裁判員制度で初の死刑判決に接して

 横浜地裁で朝山裁判長は,11月16日(火),強盗殺人などの罪に問われた被告に求刑通り死刑判決を言い渡した.裁判員制度で初の死刑判決であった.朝山裁判長は,主文を言い渡した後に「裁判所としては被告に控訴することを勧めたい」と被告に呼びかけたという.このニュースをラジオで聞いて違和感を持った.日本の裁判制度は三審制を取っているが,それらの各段階の審理の結論(=判決)は,その時点でもっとも適切なものとして出されているはずである.上の裁判長の被告に対する呼びかけは,ある意味では,そのことを否定するものである.この判決は適切なものではないので,上告審でもっと適切な判決を出してもらうようにしなさい,と言っているようなものである.その点に違和感を感じたのである.

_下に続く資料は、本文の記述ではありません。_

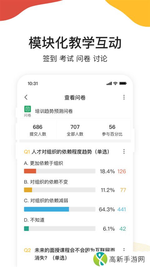 1.强大的课程管理系统。问卷模板的自由组合、互动活动的实时控制和日历视图使课程安排井然有序。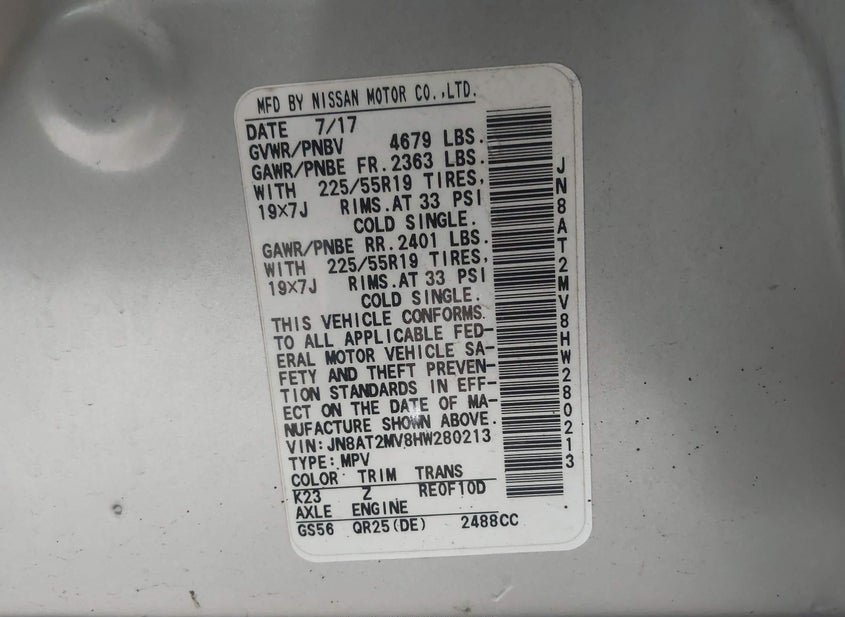 - VIN: JN8AT2MV8HW280213

 しかし,暫くして呼びかけは裁判員の心情を察してのものではないかと考えるようになった.いくら残虐性のあった犯罪であっても,罪の大きさに気付いた被告に死罪を科すことに抵抗を覚えた裁判員が多く,また,その裁判に自ら関わることに大きな心理的な負担があったのかも知れない.そのような裁判員の心情を和らげる目的での裁判長の発言であるなら,裁判長の気持ちは分からないでもない.このことは,しかし,裁判員制度において死刑に関わる裁判は,無理であるということを物語っているように思える.「素人」には死刑判決の責任を取らせることは,無理だということかも知れない.もう一つ言えることは,死刑という刑罰は,やはり,非常に特別なものであるということである.

 もう一つ考えるべきことは,「玄人」である裁判官のみに死刑に関わる裁判を任せておけばよいか,ということである.ひとつは,高い給料を貰っているのだから,死刑判決の責任を取って当然だという意見もあろう.もちろん,「玄人」であるから無謬であるといえないことは自明である.死刑に関わる裁判は慎重審理が求められる.裁判官のみの裁判ではそれが可能であろう.それに比べれば裁判員裁判では余りにも短期間に判決が出される点も考えなければならない.裁判員制度のもとでの死刑のことで考えなければならないことは多い.本年の「日本の科学者」10月号に楠本孝氏(三重短期大,刑法)が「裁判院制度のもとでの死刑」というレビューを書かれている.死刑に関わる裁判員裁判が増えていくことが予想される今の時期に是非読んでおきたいレビューといえる.